I want to compare an array of modified records against a list of records pulled from the database, and delete those records from the database that do not exist in the incoming array. The modified array comes from a client app that maintains the database, and this code runs in a WCF service app, so if the client deletes a record from the array, that record should be deleted from the database. Here's the sample code snippet:

public void UpdateRecords(Record[] recs)
    // look for deleted records
    foreach (Record rec in UnitOfWork.Records.ToList())
        var copy = rec;
        if (!recs.Contains(rec))                      // use this one?
        if (0 == recs.Count(p => p.Id == copy.Id))    // or this one?
            // if not in the new collection, remove from database
            Record deleted = UnitOfWork.Records.Single(p => p.Id == copy.Id);
    // rest of method code deleted

My question: is there a speed advantage (or other advantage) to using the Count method over the Contains method? the Id property is guaranteed to be unique and to identify that particular record, so you don't need to do a bitwise compare, as I assume Contains might do.

Anyone? Thanks, Dave

4 Answers

This would be faster:

if (!recs.Any(p => p.Id == copy.Id)) 

This has the same advantages as using Count() - but it also stops after it finds the first match unlike Count()

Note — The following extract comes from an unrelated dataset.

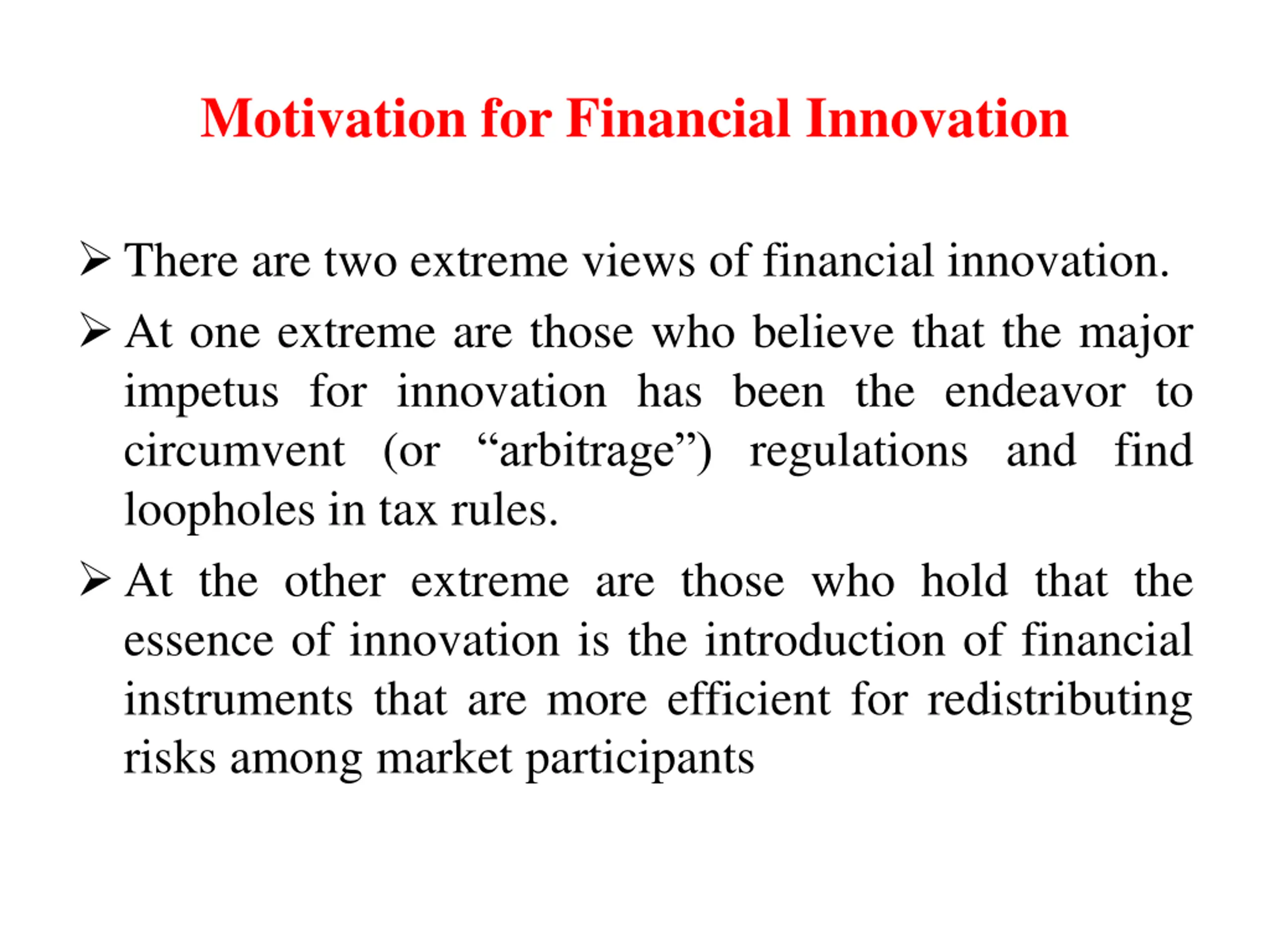 Motivation for Financial Innovation There are two extreme views of financial innovation. At one extreme are those who believe that the major impetus for innovation has been the endeavor to circumvent (or arbitrage ) regulations and find loopholes in tax rules. At the other extreme are those who hold that the essence of innovation is the introduction of financial instruments that are more efficient for redistributing risks among market participants

You should not even consider Count since you are only checking for the existence of a record. You should use Any instead.

Using Count forces to iterate the entire enumerable to get the correct count, Any stops enumerating as soon as you found the first element.

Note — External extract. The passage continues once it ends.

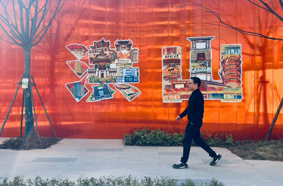 在这组精心构思的作品中,“洪山”二字跃然成为一幅生动的城市画卷。创作团队将武汉大学、华中科技大学、华中农业大学、武汉理工大学等高校的标志性建筑,与马应龙、烽火创新谷、创意天地、融创智谷等产业地标巧妙嵌合。卓刀泉、武汉火车站、天兴洲等融合历史与未来的地理符号,亦作为笔画细节细腻融入,真正做到了“字中有画,画中藏意”,既彰显洪山作为“大学之城”的厚重文脉,也勾勒出其作为“创新热土”的当代活力。

As for the use of Contains you need to take in consideration if for the specified type reference equality is equivalent to the Id comparison you are performing. Which by default it is not.

Assuming Record implements both GetHashCode and Equals properly, I'd use a different approach altogether:

// I'm assuming it's appropriate to pull down all the records from the database
// to start with, as you're already doing it.
foreach (Record recordToDelete in UnitOfWork.Records.ToList().Except(recs))

Basically there's no need to have an N * M lookup time - the above code will end up building a set of records from recs based on their hash code, and find non-matches rather more efficiently than the original code.

If you've actually got more to do, you could use:

HashSet<Record> recordSet = new HashSet<Record>(recs);

foreach (Record recordFromDb in UnitOfWork.Records.ToList())
    if (!recordSet.Contains(recordFromDb))
        // Do other stuff

(I'm not quite sure why your original code is refetching the record from the database using Single when you've already got it as rec...)

Contains() is going to use Equals() against your objects. If you have not overridden this method, it's even possible Contains() is returning incorrect results. If you have overridden it to use the object's Id to determine identity, then in that case Count() and Contains() are almost doing the exact same thing. Except Contains() will short circuit as soon as it hits a match, where as Count() will keep on counting. Any() might be a better choice than both of them.

Do you know for certain this is a bottleneck in your app? It feels like premature optimization to me. Which is the root of all evil, you know :)